Any new series will take time to find its own identity, and if there's one thing that the first season of The Incredible Hulk is guilty of, it's taking its inspiration from other sources and using standard tropes. This tale of a boxer called Rocky – just fifteen months after the film aired in cinemas – features all the standard clichés of the sport: the heart-of-gold but not that bright boxer and the crooked managers that want to exploit him. Their plan to give him a fight at a days' notice seems unlikely, but then realistic plot mechanics probably mean little to heroin traffickers.
Bixby's understated, new man persona is a bad fit with Martin Kove's likeable but larger-than-life performance as the boxer, and in all this seems a little too "safe" an episode for a series that should be exploring its own nature. Banner of course gets too close to the truth, and is conveniently suspended in a cage above the boxing ring as the rigged fight commences. What happens next? It's all pretty predictable...
The season finale, and the first of eight episodes to be directed by Reza Badiyi. Featuring Banner as a bartender caught between various union men, and a boss with romantic overtures, it's one of the broadest and most comedic of the season.
Executive Producer Kenneth Johnson had no real interest in superheroes, and took on the project from the head of Universal Television simply as a favour so he could get other projects made. Envisioning the series as a "Greek tragedy", it was high on realism and low on the colour melodrama of the comic strip, with only one story of the original run (season four's The First) featuring another super-powered character. Sadly, no one outside of Bixby and Sheila Larken appear to be taking it very seriously, and the fundamental ludicrousness of the situation is played up for laughs, veering towards spoof.
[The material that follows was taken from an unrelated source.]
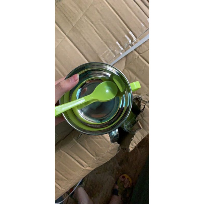 Thông tin sản phẩm: + Chất liệu: Nhựa, PP, Inox Đặc điểm kỹ thuật: + Số lượng: 1 bát, 1 nắp, 1 muỗng + Muỗng được làm bằng thép không gỉ chất lượng cao + Bền và dễ sử dụng + Đã được làm sạch siêu âm nhiệt độ cao + Bề mặt sáng sủa và sạch sẽ trông thanh lịch + Dễ dàng vệ sinh, rửa chén an toàn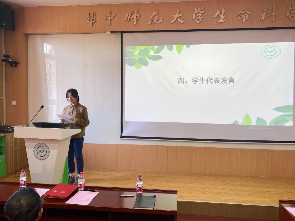 接着,生物科学拔尖2201班李晴晨同学作为学生代表发言。她表示,自己在成长路上遇到过很多好老师,而这也激发了她想要成为一名未来优秀老师的愿望,“拔尖计划不仅是一个选培养人才的项目,更是能让我们深入了解生物这门学科的广阔平台。”随后,2201班班主任、生物技术拔尖班导师万翠红作为导师代表讲话。她先为同学们讲解了“科研是什么”——科研是为了探寻事物本质与规律而进行的活动,它不一定非要是大科学家才能做的事情。她希望大家积极参与科研,再慢慢地爱上科研,并向周围的人传播生命科学的美。

The romance subplot is carried off better than in a lot of episodes, though the most notable element is the clearly visible slippers that Ferrigno wears for his final run on the docks.
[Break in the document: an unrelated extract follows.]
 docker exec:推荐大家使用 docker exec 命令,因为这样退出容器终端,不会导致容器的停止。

The Incredible Hulk was made up of 50 minute episodes, yet it began with two feature-length pilots. This 91m follow-up sees the higher quality of the initial pilot discarded, as we become more acquainted with the bad dubbing and flat lighting/direction that is sadly a frequent feature of the programme. Although the episodes here aren't awful, they do tend to feature similar plots and somewhat sub-standard production values, only the immense charm and likeability of Bill Bixby keeping some of them afloat.
That charm is stretched here, as Banner selfishly checks into a centre for cancer research to attempt to cure himself of the Hulk, seemingly uncaring that he could turn into the monster and wreck the place for other people undergoing treatment. Undoubted lowlight of the episode is the Hulk's fight with a bear, as pictured above. The docile creature gets a green face throughout the "fight" as Ferrigno's body paint starts to wash off in the water, before jump cutting, Benny Hill style, to a fake bear that's hurled through the air. It's hysterical viewing, but it's not one for the series' highlight reel.